Oh don't let it put you off, it's true I hate crickets but locusts aren't all that bad and mealies and roaches are easy peasie, and when push comes to shove I'd put up with all of them 10 times over for my magic, and I've only had her 2 weeks  sure ill get used to catching the little hoppers

They don't seem to escape from large faunariums if that's your worry, I've had mine in those for 8 weeks (since I got my Crestie) and not noticed any escapees, and I'm only on size 2's (ie teeny)


----------



## bhayward (Feb 25, 2012)

i use a exo terra large cricket keeper and havent had any escaped convicts yet(think miss ben would go nuts!!) and i just put apple or somthing in that tub with water in provided container then when it come to feeding i remove the tube and empty it into viv with derick!!

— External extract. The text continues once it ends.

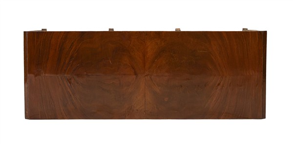 Tavolo allungabile di forma ovale impiallacciato in mogano e piuma di mogano, g
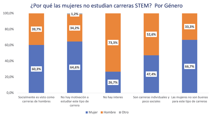 Al realizar un análisis por sexo a esta pregunta, del universo que dio como respuesta que estas carreras son vistas como carreras de hombres, el 60,3 % corresponde a mujeres y solo el 39,7 % a hombres, algo similar ocurre con las respuestas de que no existen motivaciones para que mujeres estudien carreras STEM y la respuesta que las mujeres no son buenas para estudiar este tipo de carrera ya que del universo que responde el 64,6 % y 66,7 % respectivamente son mujeres, en la última respuesta se puede apreciar el menor autoconcepto de las encuestadas con respecto a su capacidad en las áreas de STEM. Por su parte, el 73,3 % de los hombres cree que los bajos números de mujeres en este tipo de carreras se debe al poco interés de las mujeres en estas áreas.

as i live in germany i cover the cricket feed with terracrick by jbl as this contains cal then i give derick fresh veg daily with lucky reptile bearded dragon mix in either candy mix or normal then twice a week give him pellets aswel


----------



## superharber (Jan 1, 2012)

what size locusts, would you feed a 6months old gecko? im looking on livefoods.co.uk


----------



## AnnieM (Nov 4, 2011)

Mine have small/medium from there.


----------